# The "Cincinnati Kid". Engineer, Enthusiast, Brad Kettler.



## [email protected] (Apr 9, 2004)

Editor's Note: With this story we welcome James Edmonds as contributor to Fourtitude. Also a talented writer, Edmonds has particular expertise on the subject of Audi Sport race engineer Brad Kettler having worked for Champion Motors back in the day. Kettler himself may be less known than peers like Howden Haynes or Leena Gade, but the American has proved just as pivotal in the engineer spot over the years and, having worked alongside Leena on last year's winning team, he'll be answering questions tomorrow night at the Carlisle screening of 'Truth in 24 II'. Just in case you don't know who he is already, make sure to read more about him below for some fantastic insight.

* Full Story *


----------



## Rileys1 (May 18, 2012)

*Outstanding Read!*

Thanks James for an outstandingly written article!

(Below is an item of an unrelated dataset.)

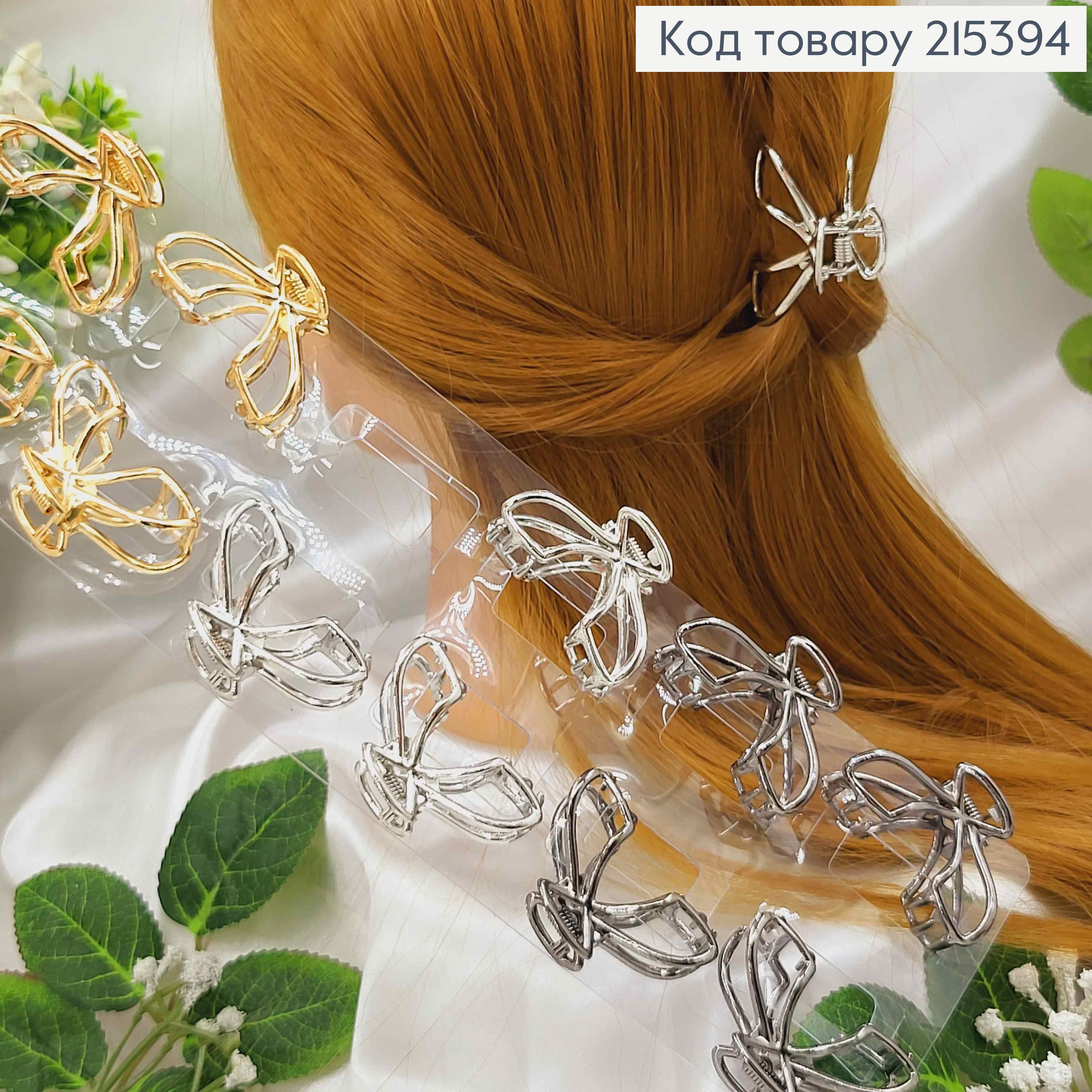 Краб металл "Ажурный Бант" украшен блестящими камешками, 6см, цвета Металик 215775 фото

Brad - I've had the pleasure to meet you and speak with you several times at the races over the years. I vividly remember the Petit when Allan crashed the car on the warmup lap and you and the crew put it back together starting two laps down. I was standing directly behind you as the car exited the Audi paddock and can still see your fist pump and hear your determined "Yeah!" as the car resumed the chase. An incredible victory that night - having grabbed the lead at 9:00 pm. Total commitment to the win!! Gives me the "the goose" every time I think about it...

Thank you both!

Scott Riley


----------



## AudiSportFan (Apr 26, 2012)

Great work James, a brilliant read


----------